Père Lachaise Cemetery

On Wednesday I took a trip to the largest cemetery within the city of Paris. The place stretches over 110 acres and contains over a million people including statesmen, artists, writers, cultural icons, and lesser-known Parisians who simply wanted to be interred among the greats.  There are family crypts that contain the remains of generation upon generation, but new plots (read: repurposed old ones) can be bought for temporary internment for 10, 30, or 50 years.  That means A LOT of people.  I was there to pay homage to some of my favorite notable Frenchmen, Frenchwomen, and Francophiles.

Immediately upon stepping inside the gate, I bought a map and pulled out my list of must-sees.  After circling their locations, I took off up the hill.

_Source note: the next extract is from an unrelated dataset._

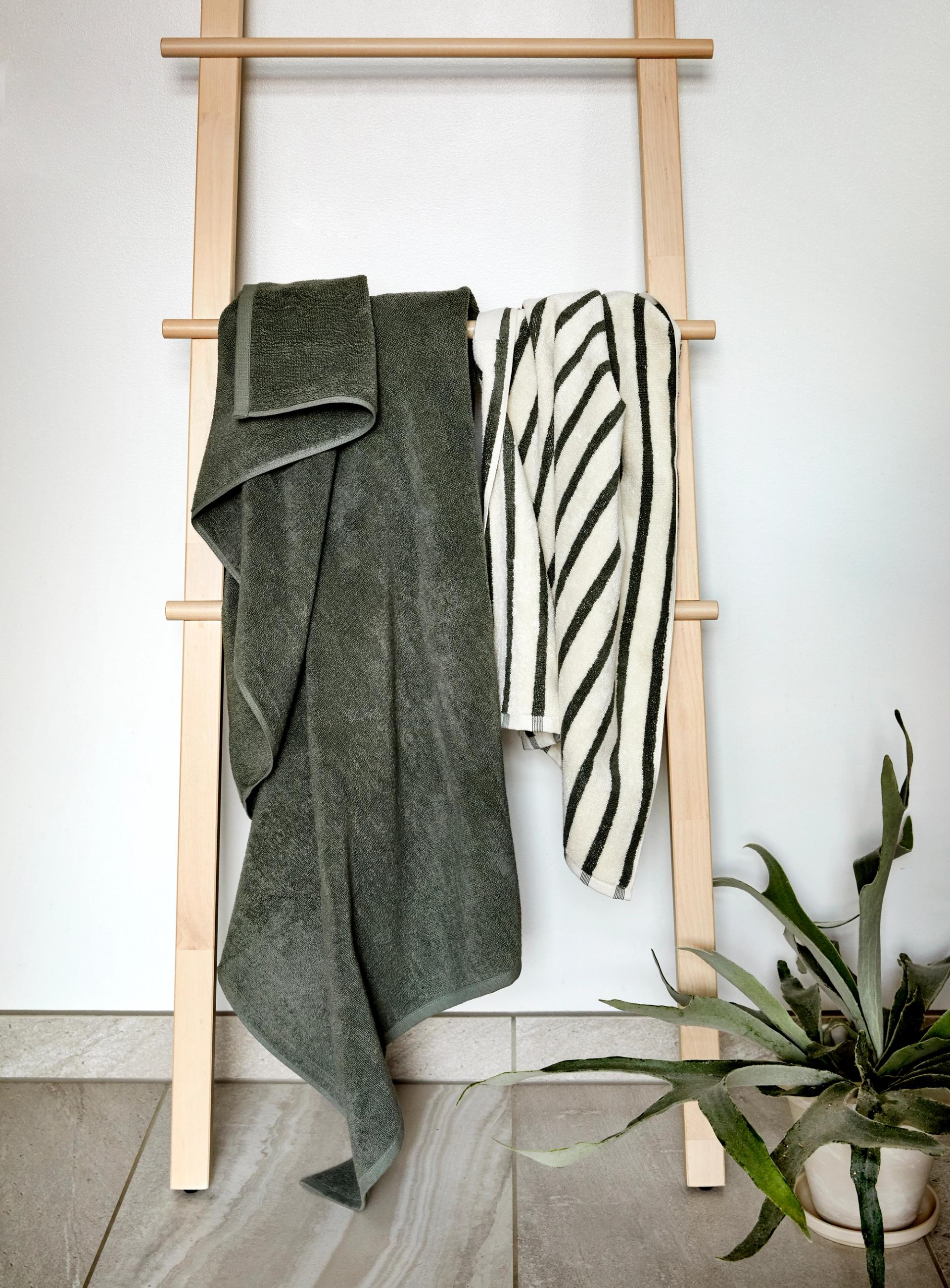 Det er ikke uten grunn at håndklærne våre er en gavefavoritt. Myk bomullsfrotté er behagelig mot huden og skånsom mot miljøet. I jordfarger som oliven, oker og terrakotta passer de inn i de fleste baderom.

  1. Jean de Brunhoff: author of the Babar series of children’s books. 
  2. Eugene Delacroix: painter, especially known for Liberty Leading the People (see it here
  3. Maria Callas: opera singer, renowned as one of the most important of the 21st century.  She was the definition of diva.
  4. Isadora Duncan (this one’s for you, Mom): dancer, choreographer, and dance innovator, considered by many to be the originator of modern dance.  I sat with her for a little while and looked at the kisses and messages for  her.  
  5. Oscar Wilde: novelist, poet, playwright.  Wilde enthusiasts made their pilgrimage here to leave tokens, flowers, messages, or a kiss in red lipstick on the tomb, but nearly a century of  appreciation damaged the sculpture.  No matter, the faithful still kiss the glass enclosure.  
  6. Sarah Bernhardt: stage actress and one of the pioneering actresses of early film. 
  7. Marcel Marceau: mime, apparently also the originator of Michael Jackson’s moonwalk.  
  8. Victor Schoelcher: abolitionist 
  9. Pierre André Latreille: zoologist, taxonomist, entomologist.  He was imprisoned during the French Revolution for refusing to say an oath of allegiance to the state, but discovered a new species of beetle that was living inside the prison, Necrobia ruficollis.  He informed a prison doctor, who was impressed, and arranged to have Latreille freed.  All of his cellmates were dead within a month, but Latreille went on to become the head of the French Academy of Sciences.  My favorite of his accomplishments (though small relative to others) is naming and classifying the rough woodlouse, Porcellio scaber, a type of what is commonly called the “roly-poly.” 
  10. Moliere (Jean-Baptiste Poquelin): playwright and actor, a master of comedy.  buried next to…
  11. Jean de la Fontaine : writer, most notably of fairy tales and fables 
  12. Gertrude Stein: modernist author, editor, art collector.  The pebbles and stones are a sort of calling card of the visitors who want to pay their respects.
  13. Edith Piaf: singer 
  14. Jim Morrison: musician, singer of The Doors.  His grave is barricaded off, but people still leave all kinds of things in memoriam, including messages and drawings all over a nearby tree.  One man comes every morning with a beer, drinks half, and leaves the rest for The Lizard King.  
  15. Chopin: composer  
  16. Dominique Vivant (Denon): artist, diplomat, writer, part of Bonaparte’s company of archaeologist during the French expedition to Egypt, the first director of the Louvre museum. Someone had tucked a white carnation into the statue’s hand.  
  17. One grave I was not able to find was that of Georges Cuvier, founder of paleontology and pioneer of comparative anatomy.  I got very close, but couldn’t find the name.  
  18. Heloise D’Argenteuil: 12th century nun and scholar, arguably the best-educated woman of her time, who is buried alongside her eternal love…
  19. Peter Abelard: theologian and philosopher.  Their story is one of the most renowned romances of all time.  They are famous for their beautiful love letters, as well as for the tragedies that befell them.  Near where Notre Dame cathedral stands today, Heloise lived with her uncle, Fulbert.  Abelard heard of her intellect and brilliance and arranged to tutor her himself, eventually under Fulbert’s roof.  The pair became lovers, but when Fulbert found out he tried to separate them.  This did nothing to prevent their love, but when Heloise bore Abelard’s son, Astrolabe (after the scientific instrument), Abelard tried to arrange a marriage.  When Fulbert announced this publicly, Heloise fled to a convent.  Believing Abelard had abandoned his new bride and cast her away, Fulbert had Abelard attacked and castrated.   Many of their letters survive, both from before their affair and many years after, a beautiful record of their love as well as of their remarkable intellectual pursuits.  It is a tradition for the lovelorn to leave letters here in hopes of finding an equally glorious (but hopefully less tumultuous) affair.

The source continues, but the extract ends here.